To be valid under the Fourth Amendment, a search warrant must be supported by a showing of probable cause. United States v. Underwood, 364 F.3d 956, 963 (8th Cir. 2004). “Probable cause exists, if under the totality of the circumstances, a showing of facts can be made ‘sufficient to create a fair probability that evidence of a crime will be found in the place to be searched.’” Id. (quoting United States v. Gabrio, 295 F.3d 880, 883 (8th Cir. 2002)).

As noted by the district court, the affidavit is conclusory in nature. The only indication of a source for any of the information appears towards the end of the affidavit, where Noonan states “The victim also reports that Summage had taken photographs of . . . him.”

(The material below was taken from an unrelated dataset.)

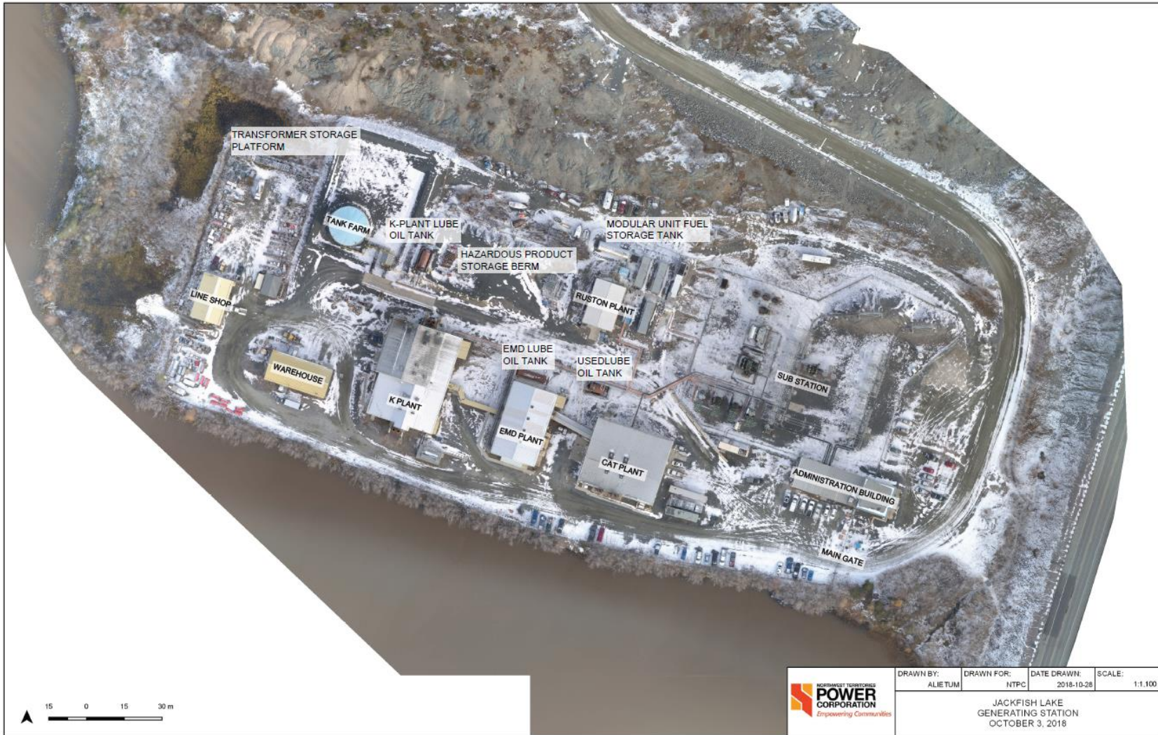
Figure 2-1: Location of Main Hazardous Waste Storage at the Jackfish Facility

Conclusory statements made by affiants fail to give the issuing magistrate a substantial basis for determining that probable cause exists. United States v. Caswell, 436 F.3d 894, 897-98 (8th Cir. 2006). It is the magistrate, and not the affiant, that is responsible for making this determination. Illinois v. Gates, 462 U.S. 213, 239 (1983). “Sufficient information must be presented to the magistrate to allow that official to determine probable cause; his action cannot be a mere ratification of the bare conclusions of others.” Id. The question, then, is whether Noonan’s statement

-4- “The victim also reports that Summage had taken photographs of . . . him” lends itself to a fair inference that the victim was also the source of the earlier set-forth account of what had occurred on the day in question. We conclude that it does, for any other reading would render the words “also reports” superfluous.

The district court also found the affidavit deficient in its failure to set forth the date of the alleged incident.1 The date of the occurrence of the facts relied upon in an affidavit is of importance in the determination of probable cause because untimely information may be deemed stale. See, e.g., United States v. Gettel, 474 F.3d 1081, 1086 (8th Cir. 2007); United States v. LaMorie, 100 F.3d 547, 554 (8th Cir.